Take the DST, there is a fairly standard fee schedule for setting up the legal structure and helping manage the closing of the transaction equal to 1.5% of the first $1,000,000 in selling price and 1.25% of the sales price which exceeds $1,000,000.
Take a hypothetical sale for $1,000,000 where the seller/taxpayer would be exposed to $250,000 in capital gains and related taxes in a pure direct and taxed sale, without tax deferral.
The legal and set up costs for creating the DST would be about $15,000. Let’s further assume that the seller/taxpayer intended to reinvest his or her proceeds to generate a 5% annual income stream.
If he or she had paid all their taxes in the year of sale, he or she would generate $750,000 x 5% = $37,500 in annual income on the invested proceeds.
If instead the seller/taxpayer were able to defer the capital gains taxes until many years down the road, he or she would generate $1,000,000 x 5% = $50,000 in annual income.
If the legal and set up costs were $15,000 the seller/taxpayer would break even at the end of the first year.

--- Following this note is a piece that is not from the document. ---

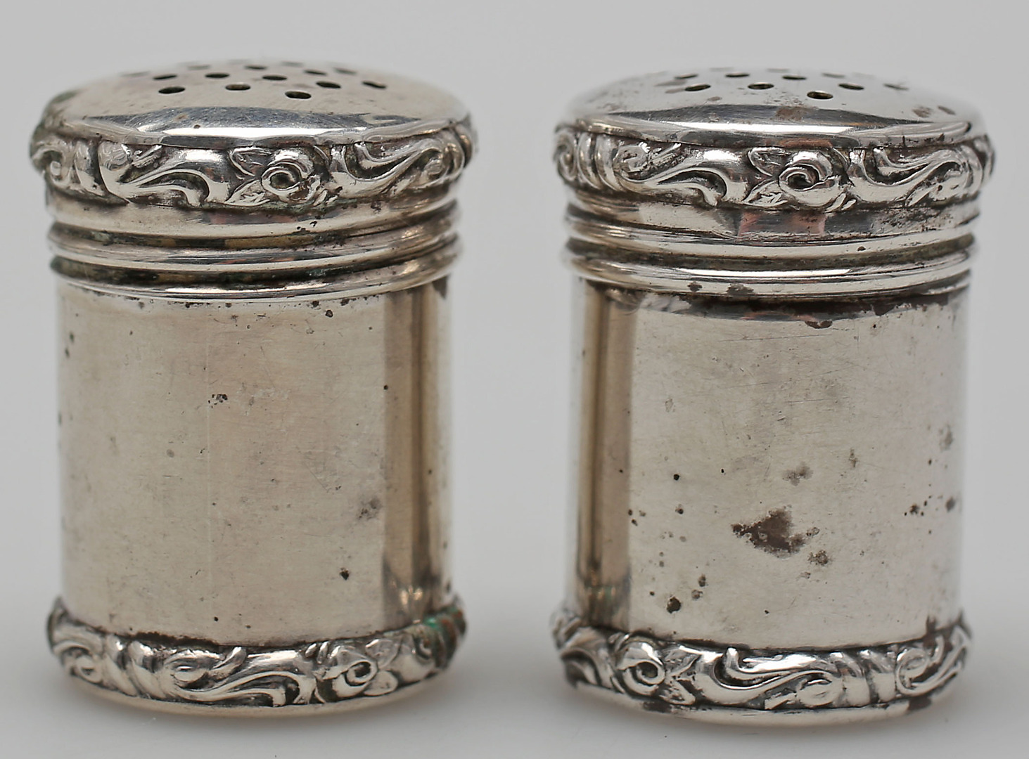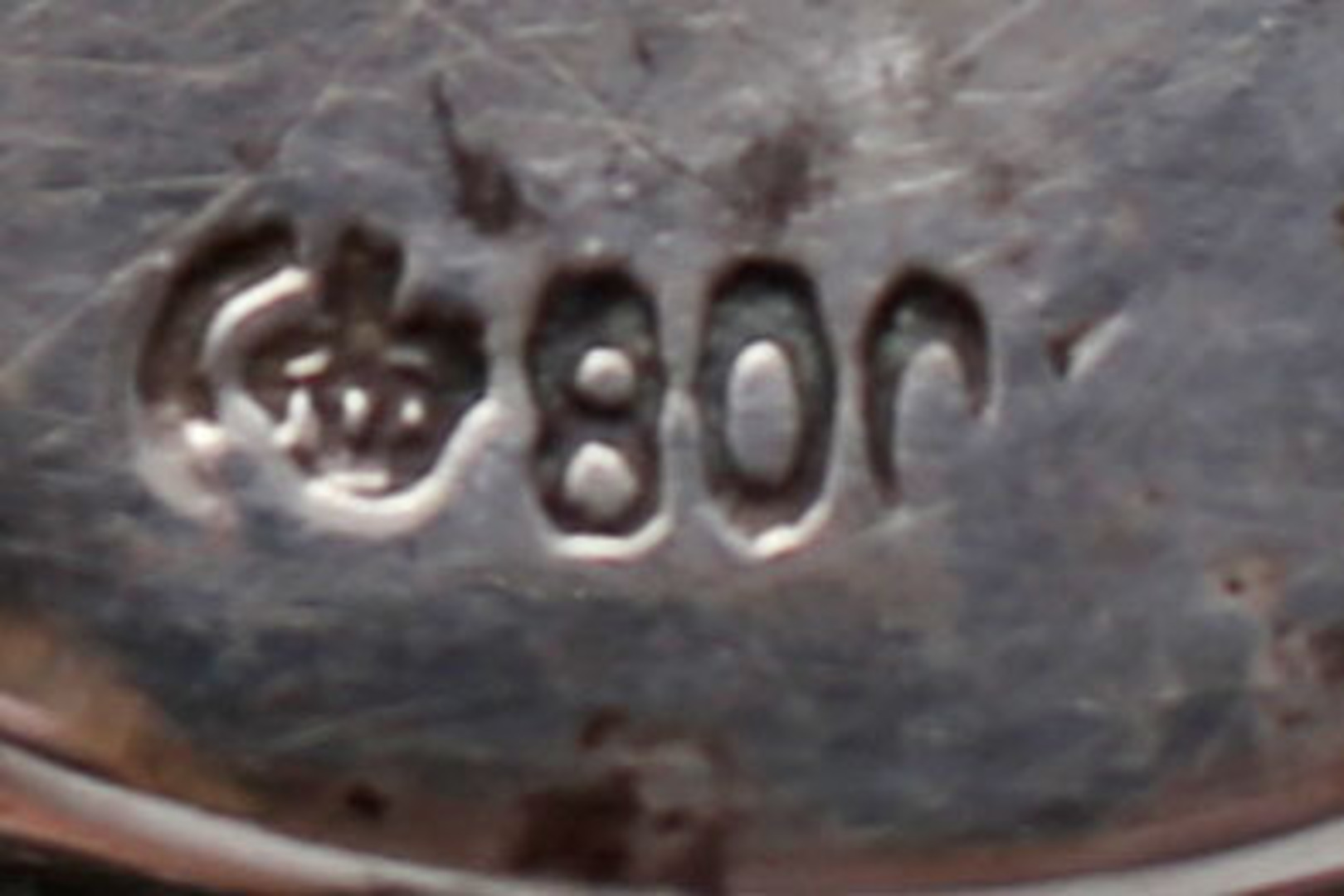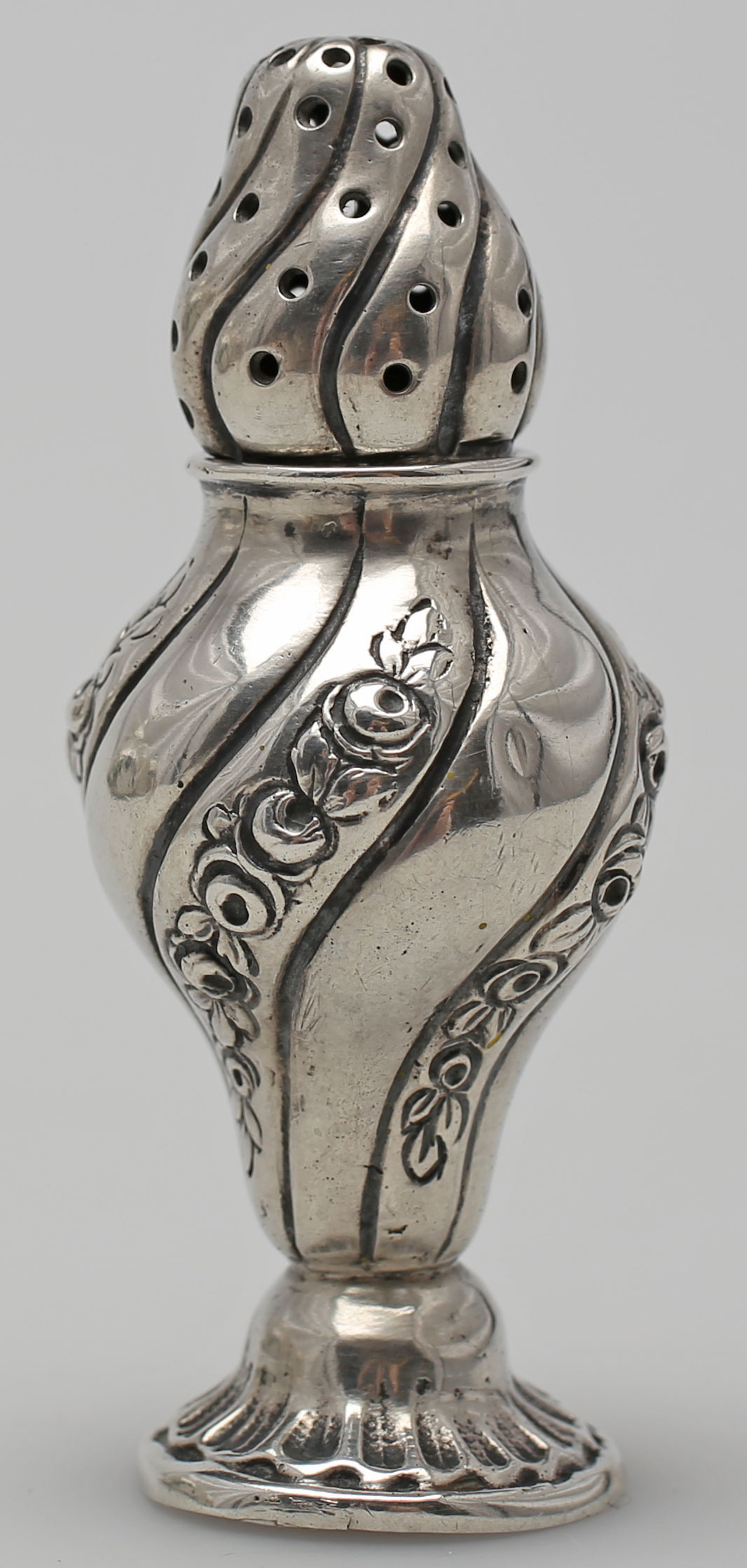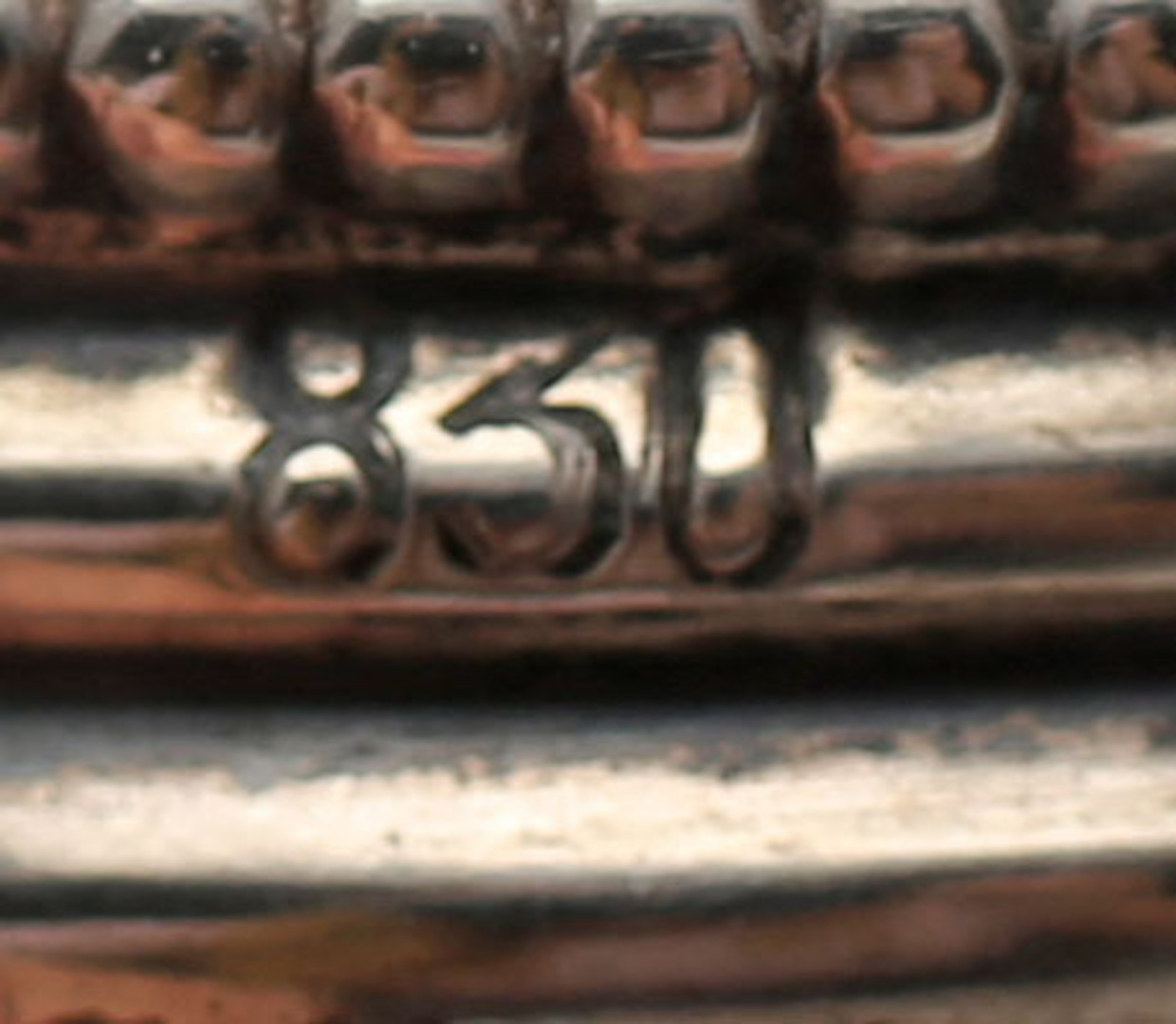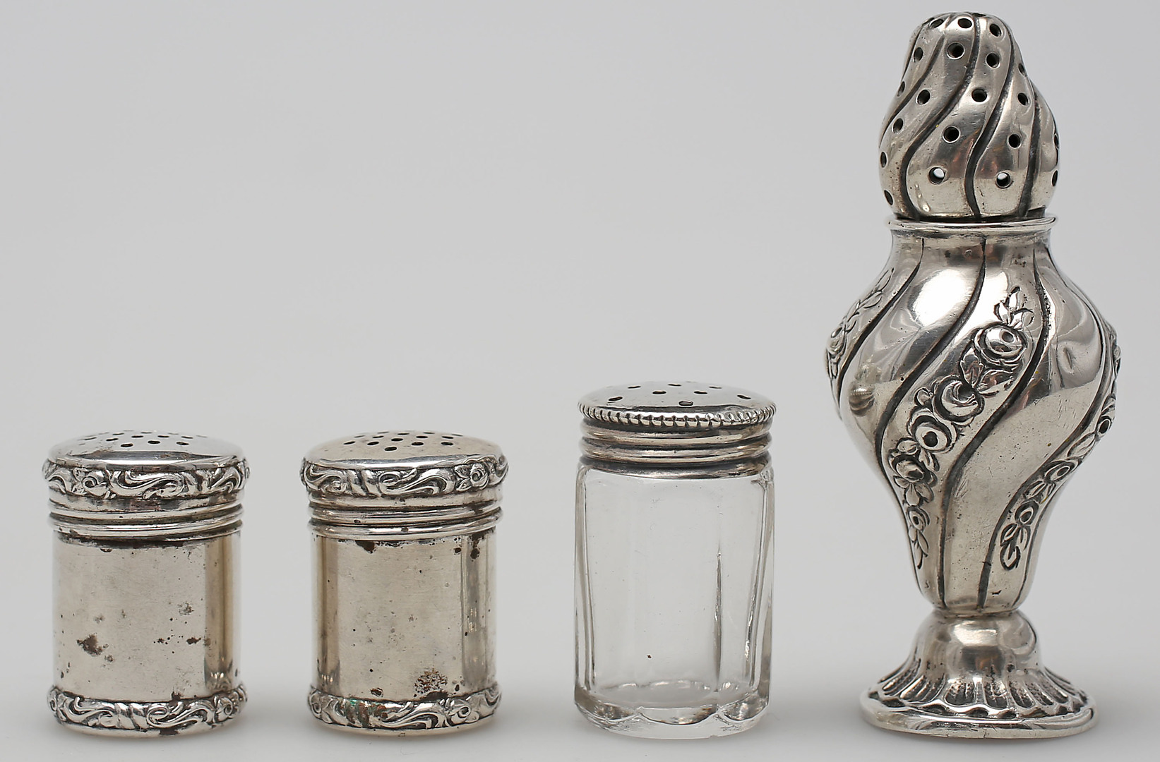 103862. DISTRIBUTØR OG STØD, 3 + 1, sølv, 20. århundrede.

In future years they would continue to generate an additional $15,000 per year than if they had paid all their taxes up front. Over say 10 years, that puts $150,000 more in the seller’s pocket than would a direct and immediately taxed transaction. It may also be important to recognize that receiving your sales proceeds in installments over time (plus interest) can help you lower the tax brackets you will pay tax in, resulting in further net income gains.
Think of your installments like you would your IRA. Most people choose to withdraw from their IRA from year to year, only the amounts necessary to meet their obligations or maintain their preferred lifestyle. Who in their right mind would cash out their IRA if they had no need to consume the entire proceeds in a given year?
Relative to the breakeven point, most business owners and entrepreneurs will make a value decision related to investments in their companies, such as in equipment or technology. Often the business owner will want that new investment to generate additional value in terms of revenue or cost savings to have a breakeven point of 18 months to 2 years in order to justify the investment. Anything beyond the breakeven point is pure profit.
The DST as well should be evaluated not strictly on the cost, but on the value it can generate for you, as yes perhaps part of the analysis is the breakeven point.